We start with a video from from yours truly and then read a bit from a scientific article about types of explanatory dataviz.

In [1]:
# Sune talks about designing visualizations.
from IPython.display import YouTubeVideo
YouTubeVideo("yHKYMGwefso",width=600, height=338)

> *Exercises*: Explanatory data visualization
> * What are the three key elements to keep in mind when you design an explanatory visualization?
> * In the video I talk about (1) *overview first*,  (2) *zoom and filter*,  (3) *details on demand*. 
>   - Go online and find a visualization that follows these principles (don't use one from the video). 
>   - Explain how it does achieves (1)-(3). It might be useful to use screenshots to illustrate your explanation.
> * Explain in your own words: How is explanatory data analysis different from exploratory data analysis?

*Reading*: [Narrative Visualization: Telling Stories with Data](http://vis.stanford.edu/files/2010-Narrative-InfoVis.pdf) by Edward Segel and Jeffrey Heer. We'll read section 1-3 today. (And the rest next time).

When you get to section 3 it's fun to open up the examples mentioned by the authors in a browser and explore them as you read the text. 

> *Exercise*: Answer a couple of questions about the paper.
> 
> * What is the *Oxford English Dictionary's* defintion of a narrative?
> * What is your favorite visualization among the examples in section 3? Explain why in a few words.

## Part 5: Optional (But Cool )Visualizations

The aim here is to create an animated map that shows empirical data for *two* crimes that change patterns with weather alongside the associated prediction. Pierre has looked at `DRUG/NARCOTIC` AND `BURGLARY`. 

The steps are
* *Empirical data plots*. Here you take the raw data and simply tally up the observed crimes hour-by-hour. In order to compare the two crime-types which don't have identical counts, you should convert your hourly counts to hourly probabilities. Simply divide your precinct-counts by the total number of counts that hour. It is OK to use lots of aggregated data for this one.
* Now, build a random forest classifier for your crimes which doesn't take weather into account. Again, you may train the classifier on as much data as you like.
* Next, build a classifier which knows about weather (lot of tips and tricks available above). 
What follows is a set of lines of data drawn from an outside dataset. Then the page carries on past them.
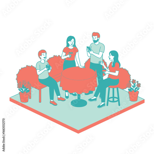Káva typografie banner šablona, vektorové ploché ilustrace. Lidé kupují horký nápoj z automatu. Barista dělá kávu pro mladého muže, lidé pijí kávu, zatímco sedí na velkých písmenech.
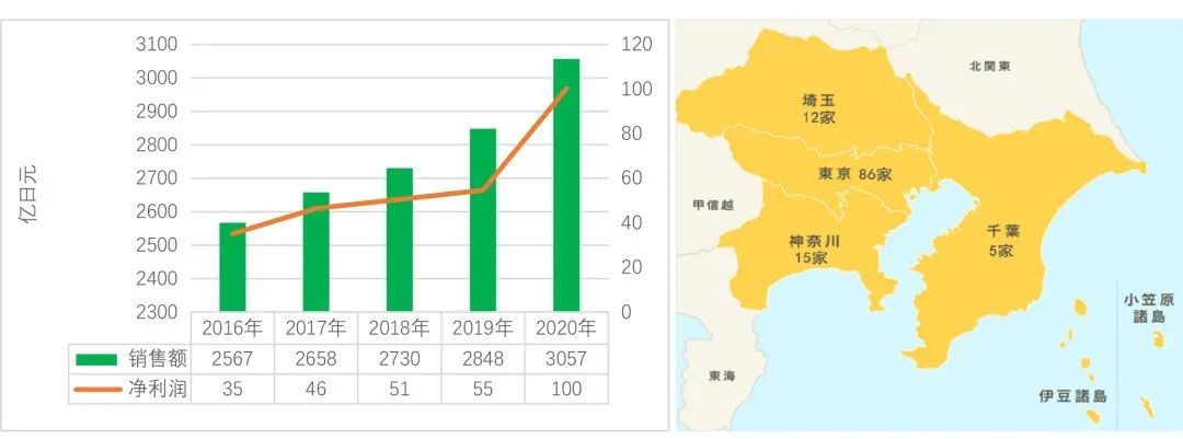 Summit的總部位于東京,截至2021年底在首都圈(一都三縣)開出了118家門店,其中東京都86家、琦玉縣12家、神奈川縣15家、千葉縣5家。2020年度銷售額達(dá)3057億日元(約人民幣合173億元),同比增長(zhǎng)7.3%,凈利潤(rùn)100億日元(約合人民幣5.5億元),單店平均銷售額25.9億日元(約合人民幣1.5億元)。
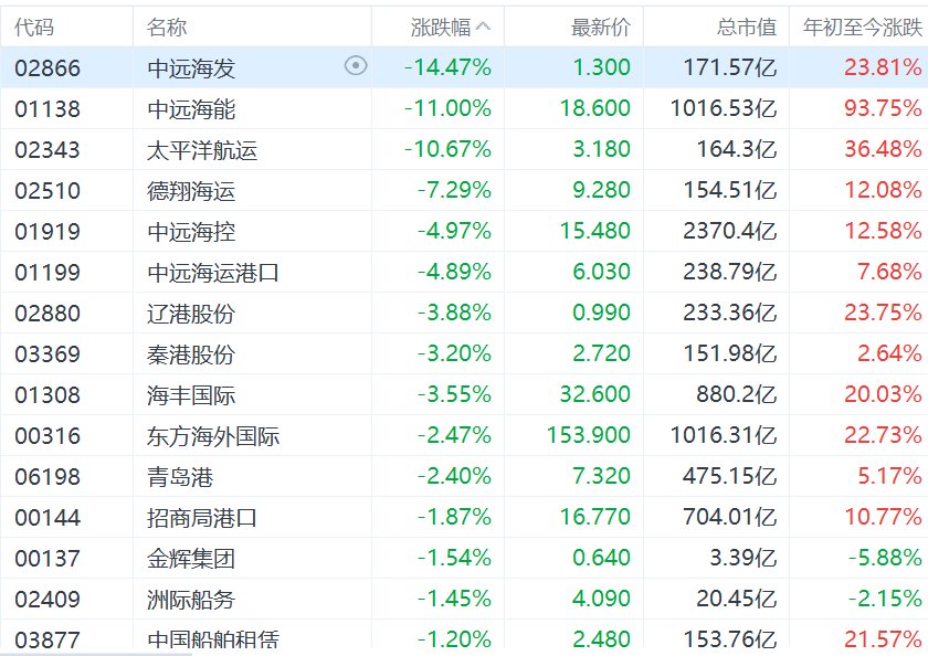 港股港口航运股集体回调,中远海发跌超14%
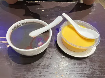 冰花燉雞蛋 / 冰糖燉木瓜 / 芝麻糊 / 寧波薑汁湯丸 / 濃薑番薯糖水
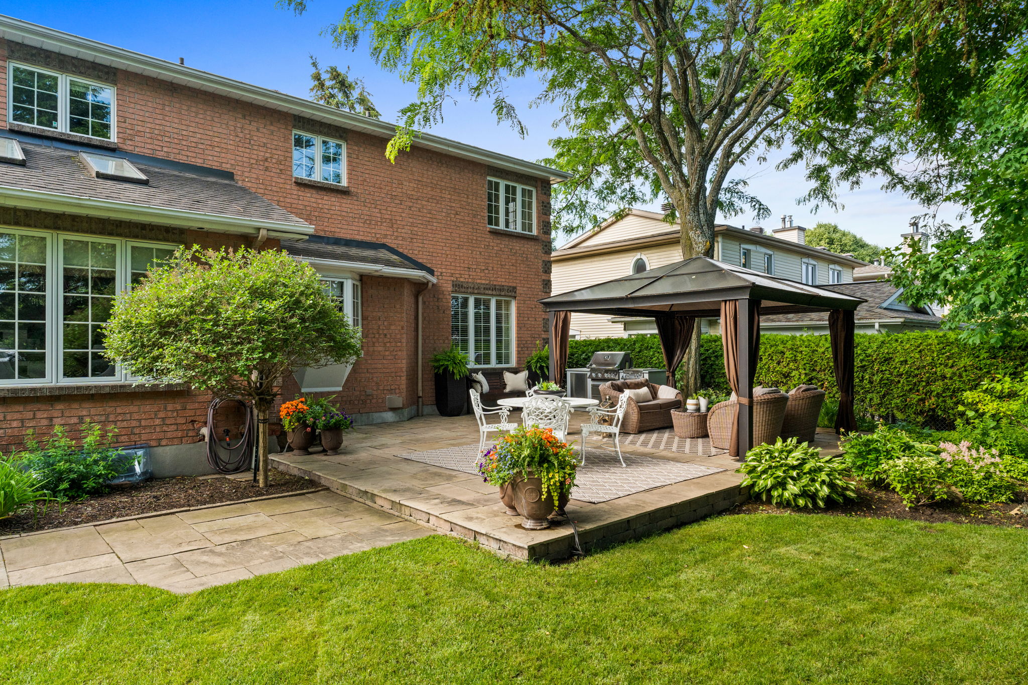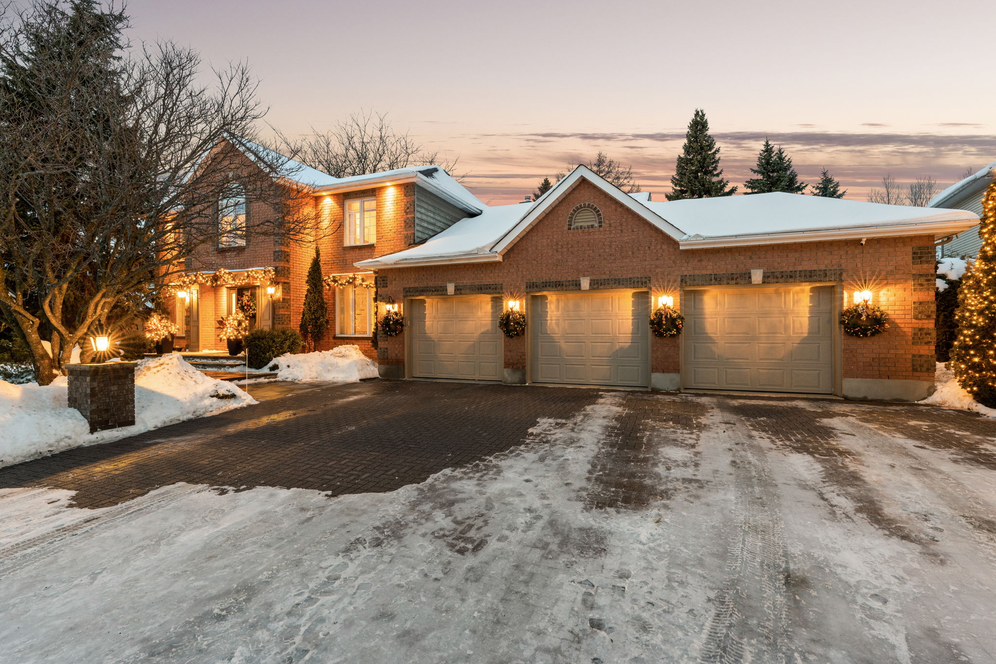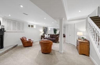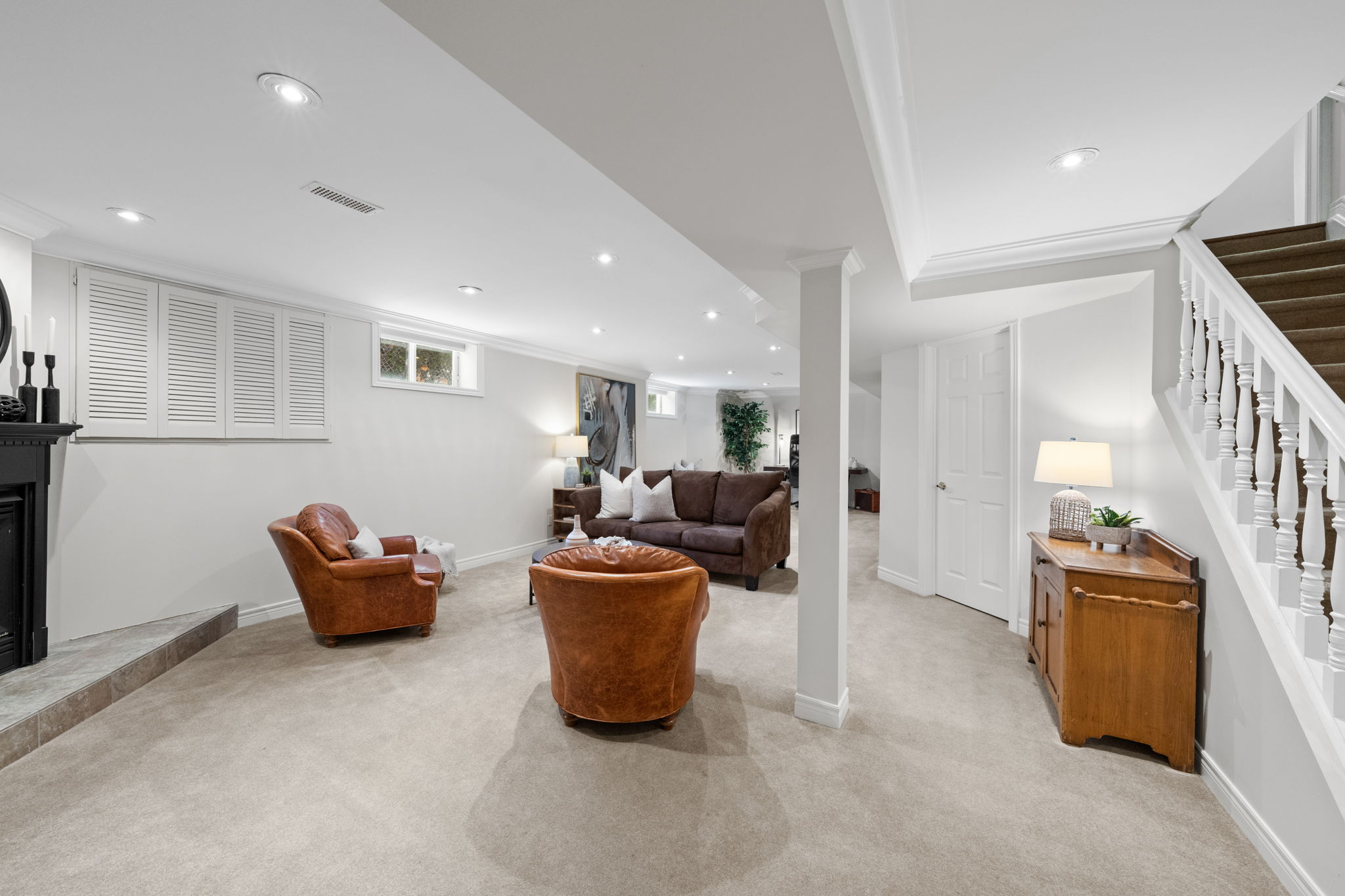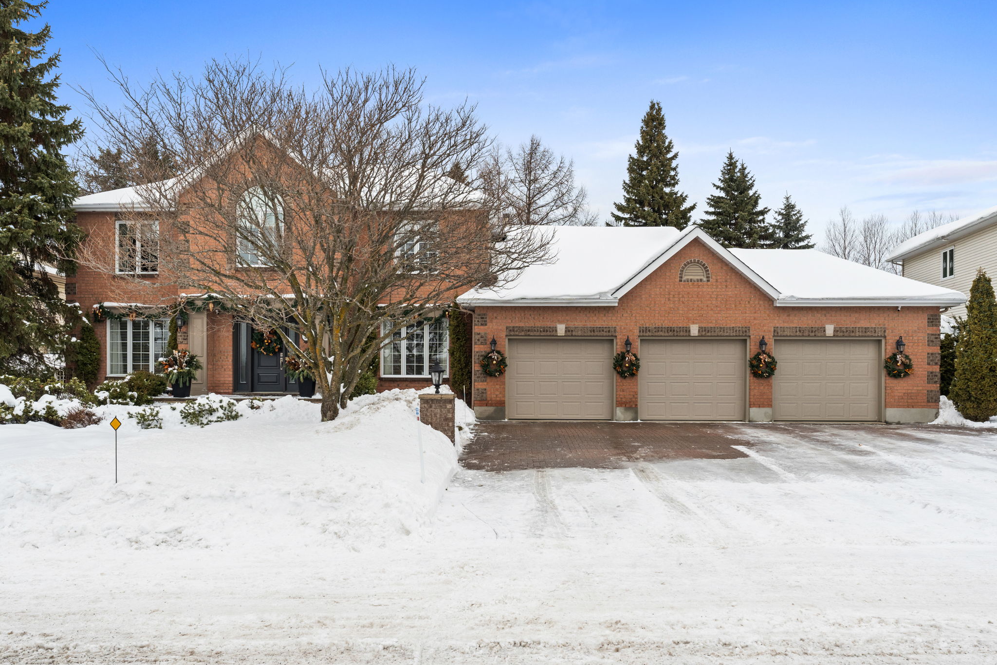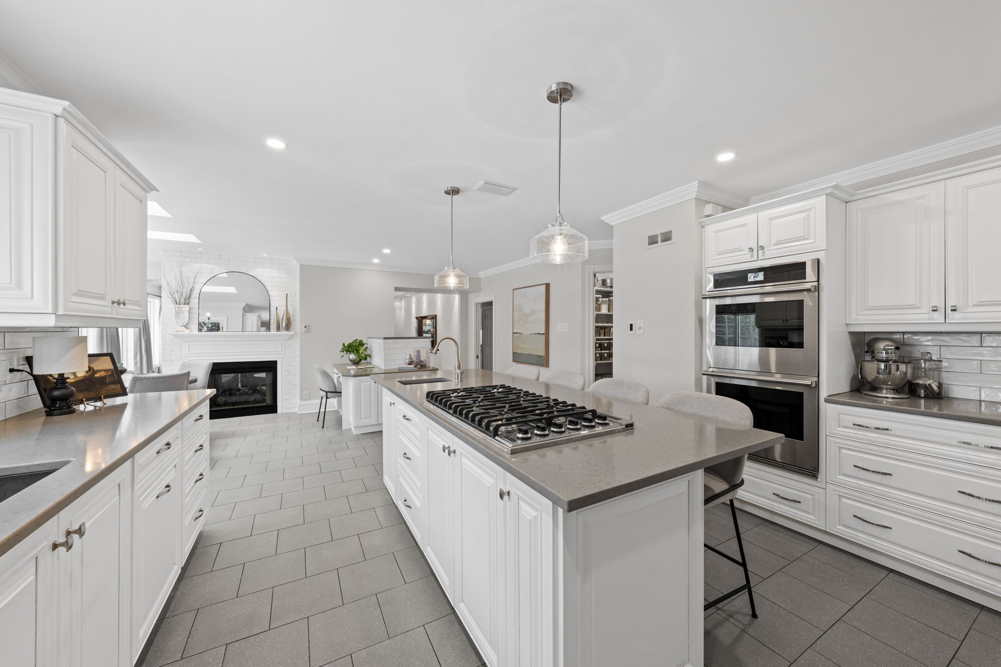 Upon entry, you are welcomed by a stunning hardwood staircase & a classic cross-hall design, unveiling a gracious den, formal living room, & intimate dining room accented by French doors-perfectly curated for both entertaining & everyday living. The heart of the home showcases a spectacular chef’s kitchen featuring an oversized island, premium appliances, & an impressive walk-in pantry. The adjoining breakfast area is warmed by a striking double-sided fireplace & provides seamless access to the breathtaking backyard oasis, creating an effortless flow for indoor-outdoor living. Just off the kitchen, the beautifully appointed great room is inundated with natural light, offering a welcoming space to unwind or entertain family & friends. A highly functional mudroom and laundry area feature expansive quartz countertops, abundant storage, & a full refrigerator & freezer, leading seamlessly to the impressive three-bay garage complete with newly epoxied floors and fresh paint.The upper level offers three generously proportioned bedrooms & a serene primary suite retreat, highlighted by a luxurious ensuite featuring a custom oversized shower and freestanding soaker tub-designed to deliver a spa-inspired experience. A beautifully renovated main bathroom completes this level, blending timeless style with custom finishes. The thoughtfully finished lower level features a welcoming family room centred around a cozy gas fireplace, an additional bedroom, a newly renovated bathroom, & abundant storage-creating a versatile and refined space, perfect for guests or an in-law suite.

Now we're getting closer, let's visualize how actual weather impacts our predictions. Since we need weather, we're going to have to pick a specific week (you're free to choose something different than what's on the plot below).
* For each hour of that specific week, plot the visualization of the precinct-probabilities that come out of you random forest model without weather.
* The plot the same probabilities **with** weather.
* Finally tile all those plots side by side and create a gif so you can inspect the patterns.
* Describe in your own words the impact of the weather data. Does it change the model predicitons?

See below for Pierre's version. 

![Movie](https://github.com/suneman/socialdataanalysis2020/raw/master/files/crime_evo_rain-min.gif "movie")

Finally **big thanks** to TA's Pierre and Joao for big help in developing the exercises this week. I've been busy with all kinds of COVID related chores and I simply could not have done it without them.